Mediterranean Diet Linked To ‘Preventing Depression’ In New Study


A Mediterranean diet could help prevent depression, new research suggests.

The research, which was carried out by Dr Camille Lassale, from the department of epidemiology and public health at UCL, linked eating plenty of fruit, vegetables, nuts and fish to reducing the risk of developing the condition by a third.

Meanwhile a diet high in saturated fat, sugar and processed food was reported to have increased the likelihood of developing depression.

According to RTÉ News, Dr Camille Lassale said, “There is compelling evidence to show that there is a relationship between the quality of your diet and your mental health.

“This relationship goes beyond the effect of diet on your body size or other aspects of health that can, in turn, affect your mood.

“We aggregated results from a large number of studies and there is a clear pattern that following a healthier, plant-rich, anti-inflammatory diet can help in the prevention of depression.”

The study involved scrutinising data from 41 studies including four which looked at the link between a Mediterranean diet and over 36,000 adults.

The studies found that people who followed a Mediterranean diet had 33% less chance of developing the condition in the next eight to twelve years compared to those who followed a very different diet.

Five studies looked at the effect of a diet heavy in inflammatory foods on mental health in over 32,000 people.

It showed that a diet low in saturated fat, sugar and processed food had 24% less risk of developing depression over the next five to 12 years.

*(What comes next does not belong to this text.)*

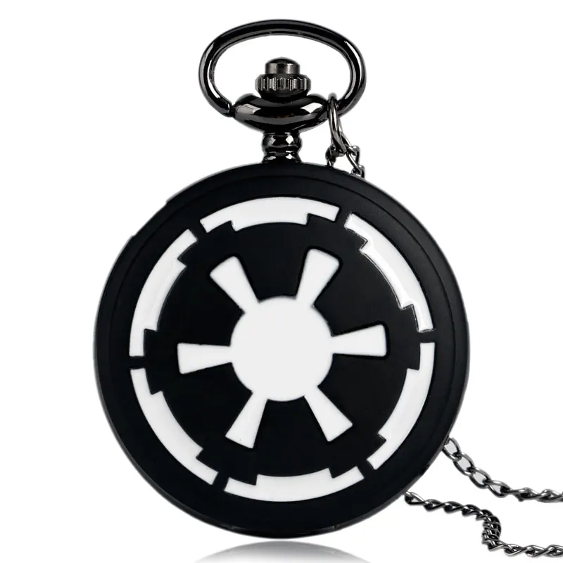 Бесплатная доставка Звездные войны Галактическая Империя Crest Круглый кварцевые карманные часы гладкий черный тонкий брелок часы Для мужчин Для женщин подарок

Dr Lassale said, “A pro-inflammatory diet can induce systemic inflammation and this can directly increase the risk for depression.

“There is also emerging evidence that shows that the relationship between the gut and brain plays a key role in mental health and that this axis is modulated by gastrointestinal bacteria, which can be modified by our diet.”

The results mean that there are now “strong arguments” for diet to be considered as part of mental health treatment, the study’s co-author Tasnime Akbaraly said.